Following in the footsteps of Google and other services, Dropbox this weekend enabled two-factor authentication to bring enhanced security to its users.
While Dropbox was not among the services compromised in the well-publicised attack on Wired’s Mat Honan earlier this month, the service has suffered from at least one security breach in recent months. Adding two-factor authentication is one way to make your connection to the service—which for many users is an increasingly important part of their workflow—more secure.
As with Google’s implementation, Dropbox’s two-factor authentication relies on two separate elements: something you know (a password) and something you have (in this case, a separately generated code). While the combination of these two elements doesn’t guarantee your security, it does make it much harder for a potential hacker to gain access to your account.
To enable Dropbox’s two-factor authentication, you’ll want to make sure your desktop client is using version 1.5.12 or later. Since, at the time of this writing, 1.5.12 is a preview release, you’ll need to download it from the Dropbox forum and install it on all the computers you use with the service.
Once you’ve installed the newest version, visit the Dropbox website, click on your name in the top right corner, and select Settings. Then click on the Security tab.
In the bottom left of the screen, right under the Forgot password? link, you’ll see an option for Two-step verification (it’s a term used interchangeably with two-factor authentication). By default, it should read Disabled, but clicking on the Change button will open a dialog box that explains the system and a link that will explain it in further detail; click on the Get Started button to begin the process.
You’ll first be prompted to enter your current password, for security reasons. After that, you’ll be given two options: receive security codes via a text message to your phone, or use a mobile app.

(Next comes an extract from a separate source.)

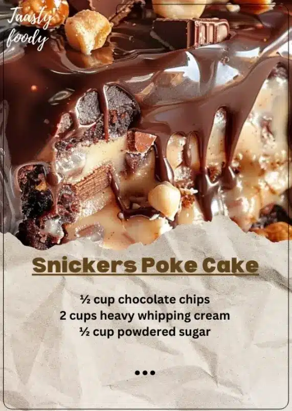 Indulge in the decadent delight of a Snickers Poke Cake, a heavenly dessert that combines the rich flavors of chocolate, caramel, peanuts, and cream. This cake is a true crowd-pleaser, perfect for any occasion where you want to impress your guests with a delicious treat.
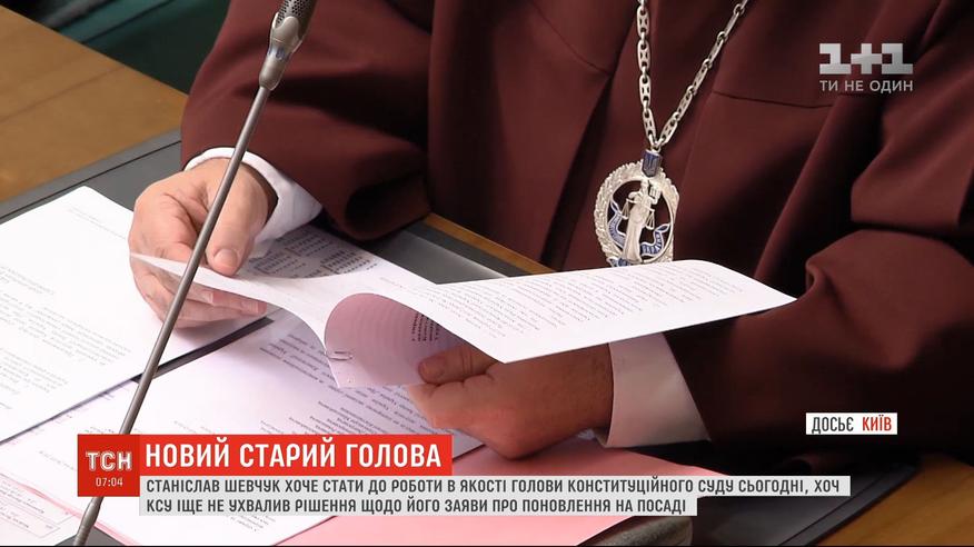 Заяву Станіслава Шевчука про поновлення на посаді, яку той приніс напередодні, почали розглядати й одразу ж оголосили перерву. Коли засідання продовжать - не повідомляють. Нагадаємо, 5 місяців тому Шевчуку - тодішньому керівнику КСУ - колеги висловили недовіру. Закидали йому незаконні призначення радників та виголошення політичних заяв.

Each option has its own virtues: If you’re using a non-smartphone, you’ll probably want to opt for standard text messages. However, smartphone users will likely be better served by a mobile app, since it can work even when your phone isn’t connected to the network.
If you choose text message, you’ll be asked to provide a phone number to which codes will be sent whenever you sign in to the Dropbox website or link a new device to your account. Once you’ve entered the phone number, you’ll receive a text message with a six-digit code, which you’ll use to verify that yes, that is the phone you meant to use. You’ll then be provided with a 16-character emergency backup code which can be used to disable two-step verification just in case you can’t access your phone for some reason. It’s best to write this down and stow it somewhere secure where you can get at it (and especially where it’s not stored in Dropbox itself). Click Enable Two-step Verification, and you’re all set.
Mobile app users have a few additional options. Dropbox supports a number of different authenticator apps, including Google Authenticator for Android, iPhone, and BlackBerry; Amazon AWS MFA for Android; and Authenticator for Windows Phone 7.
The easiest way to set up an app is to fire up your authenticator app and use your phone’s camera to scan the two dimensional barcode that Dropbox provides. If you’re using Google Authenticator, launch the app and click on the + button in the bottom right corner; then tap the Scan Barcode button and line up the crosshairs with the barcode Dropbox provides.
Alternatively, you can also manually enter your account’s secret key by clicking on the link that Dropbox offers. Follow the same instructions as above, but instead of scanning the barcode, enter the information that Dropbox provides you into the Account and Key fields.
Once you’ve entered that information, the authenticator app will provide you with a six digit code that refreshes every 30 seconds. Enter that code to verify that you’ve correctly linked your authenticator app with your account, and Dropbox will provide you with the 16 character backup code, which you should store someplace safe, in case of emergency (again, not in your Dropbox). Then click the Enable Two-step Verification button, and you should be ready to go.
(Advanced users also have the option to generate codes via the command-line OATH tool, but you’ll likely want to leave that alone unless you’re very comfortable in Terminal.)
The login line
Now, every time you log in to your Dropbox account on the Web, you’ll be prompted to enter a six-digit code that you’ll receive from either a text message or your mobile app. On computers where you’re the only user (or where you trust all the users), you can check the Trust this computer checkbox, which means that you will not be prompted to enter a code when logging in via that computer.
Unlike Google’s two-factor authentication, Dropbox doesn’t require you to create application-specific passwords for every piece of software that wants to use your account. However, you can still monitor which apps are currently linked to your Dropbox by going to the Settings section of your account on the Dropbox website and clicking on My apps. You’ll see a list of the programs that currently have access to your Dropbox, the level of their access, and an option to unlink any of them.
While two-factor authentication doesn’t assure complete and utter security for your Dropbox account, it does make it considerably harder for an attacker to compromise your account and, by extension, your files. And while it may require a certain degree of added complexity, that’s not a bad tradeoff for peace of mind.